If people and organizations don't do that, the research evidently becomes pointless.
I think the real problem here is answering the question. But there's no way to intelligently get information out of the internet. (I assume Google is building one, but it apparently hasn't yet, and if they did, it's not what OpenAI would use.)
Hammering every WP site with infinite queries every time someone asks a question seems like the wrong solution to the problem. I'm not sure what the right solution looks like.
I got an 80% solution in like ten lines of python by doing "just Google it then look at the top 10 search results" (i.e. dump them into GPT). That works surprisingly well, although the top n results are increasingly AI generated.
I had a funny experience when Bard first came out (the original name for Gemini). I asked it a question, it gave me the precise opposite of the truth (the truth but negated). It even cited sources. The sources were both AI blogspam. That still makes me laugh.
Can you source that claim? It sounds absolutely ridiculous and costly/wasteful. It would be nigh impossible to ingest 1000s of webpages into a single chat.

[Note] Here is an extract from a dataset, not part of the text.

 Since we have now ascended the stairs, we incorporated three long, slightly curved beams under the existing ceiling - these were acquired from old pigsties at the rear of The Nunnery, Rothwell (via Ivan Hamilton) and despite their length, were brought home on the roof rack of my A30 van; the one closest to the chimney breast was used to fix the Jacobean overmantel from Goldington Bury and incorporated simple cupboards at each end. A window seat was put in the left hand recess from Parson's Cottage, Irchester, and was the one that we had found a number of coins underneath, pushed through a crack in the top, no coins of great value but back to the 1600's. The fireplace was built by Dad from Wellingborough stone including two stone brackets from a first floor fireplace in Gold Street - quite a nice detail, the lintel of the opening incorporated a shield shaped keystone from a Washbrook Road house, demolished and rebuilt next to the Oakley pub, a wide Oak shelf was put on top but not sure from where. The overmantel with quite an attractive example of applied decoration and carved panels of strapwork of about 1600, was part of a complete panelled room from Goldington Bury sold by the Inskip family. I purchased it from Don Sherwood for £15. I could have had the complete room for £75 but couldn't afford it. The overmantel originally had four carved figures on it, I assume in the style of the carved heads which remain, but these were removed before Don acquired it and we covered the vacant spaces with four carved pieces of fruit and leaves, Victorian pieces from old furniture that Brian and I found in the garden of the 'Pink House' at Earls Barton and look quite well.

https://news.ycombinator.com/item?id=42726827
However, upon further investigation, this is a special case triggered by a security researcher, and not the normal mode of operation.
Someone else here recommended sites maintaining their own CLAUDE.md file, good idea but too vendor specific. Ten months ago someone online was recommending the name llms.txt as a generic markdown file for agent use and I added one https://markwatson.com/llms.txt I stopped collecting web page visit statistics so I have no idea how often that file is discovered however.

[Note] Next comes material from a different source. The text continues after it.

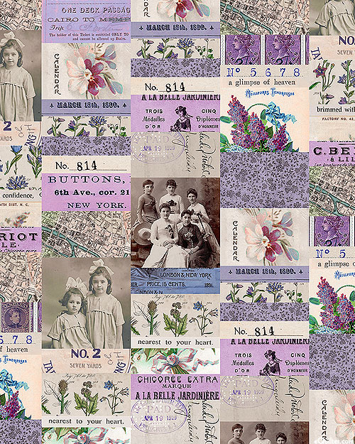 A vintage variety of postal stamps, photographs, and other documents come together in a charming collage. Larger photos are about 2-1/2", 'Purple Collage' from the 'Tim Holtz Palette Purple' collection by Tim Holtz for Free Spirit.

At a high-level, 90% of the complexity of their data retrieval system can be deleted by simply having attaching a `CLAUDE.md` file to every data store that is automatically kept up to date the agents can read.
High-throughput queries by an agent don't feel much different than high-throughput querying that large scale systems Instagram and Youtube need to service on a daily basis. Whatever works for 10M active users per second on IG would also work for 50 agents making 1M queries per second.
I can see a need for innovation in data store still. My little startup probably can't afford the same AWS bill than Meta but the tide would lift all boats, not just AI-specific use cases.